With the advent of PerformancePoint services in SharePoint 2010 there is a big uptake on BI services in SharePoint. This is specialist work and requires specialist SharePoint BI skills include cube analysis etc etc. Highly specialist, in demand and asking a premium. 

SharePoint Integrator

Again you will rarely see this title but there are a wide range of custom environments where SharePoint is integrated with other platforms such as Documentum, SAP, Peoplesoft etc. Therefore it will depend on what integration is required. Commonly this skillset will be requested in large implementations for global corporations on a project basis and therefore we'd expect this skill request to come through for a contract only. One may ask for someone who has deep understanding of integrating SAP and SharePoint in which case they would need to know iView or Duet and in this case its more about finding someone. If it also requires custom API development skills then you will be looking for a very specialist developer and as such again its more about supply and demand. These skills generally only currently exist within solution providers or SIs.

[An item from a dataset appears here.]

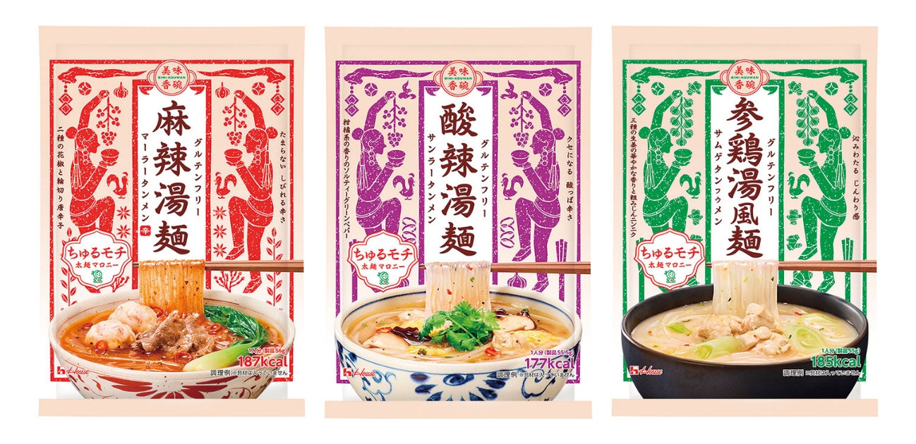 フレーバーは、直近アジアンフードに関心を持つ若年女性が多いことに着目し、①<麻辣湯麺>、②<酸辣湯麺>、③<参鶏湯風麺>の3品を揃えた。

SharePoint Mobile Specialist

Deep knowledge of Groove (2007) and SharePoint workspaces (2010) including the management and relay servers. Very few people outside specialist partners have these skills and the best recommendation to any client is to seek out a specialist provider and not a contractor. It is highly unlikely there is anyone yet who can take this on as a dedicated FTE role though the requirement will be there in future. For making SharePoint accessible via a smartphone etc one should be talking to a SharePoint Solution Architect.


SharePoint Trainer/Instructor

For end clients then refer to the user adoption specialist first or the SharePoint Strategist. For training partners, MCTs (Microsoft certified Trainers) are typically required. For grey courses it will be open to negotiation. End user training is often managed via the business analyst and administrator using a variety of techniques including floorwalking.


SharePoint User Adoption Specialist


Only existing within a very few SharePoint partners such as Salem at present but the role deals with the strategy of how to get users to use the solutions in SharePoint. This should be dealt with at the beginning of the SharePoint cycle and throughout, but may be requested for clients who have failing SharePoint projects.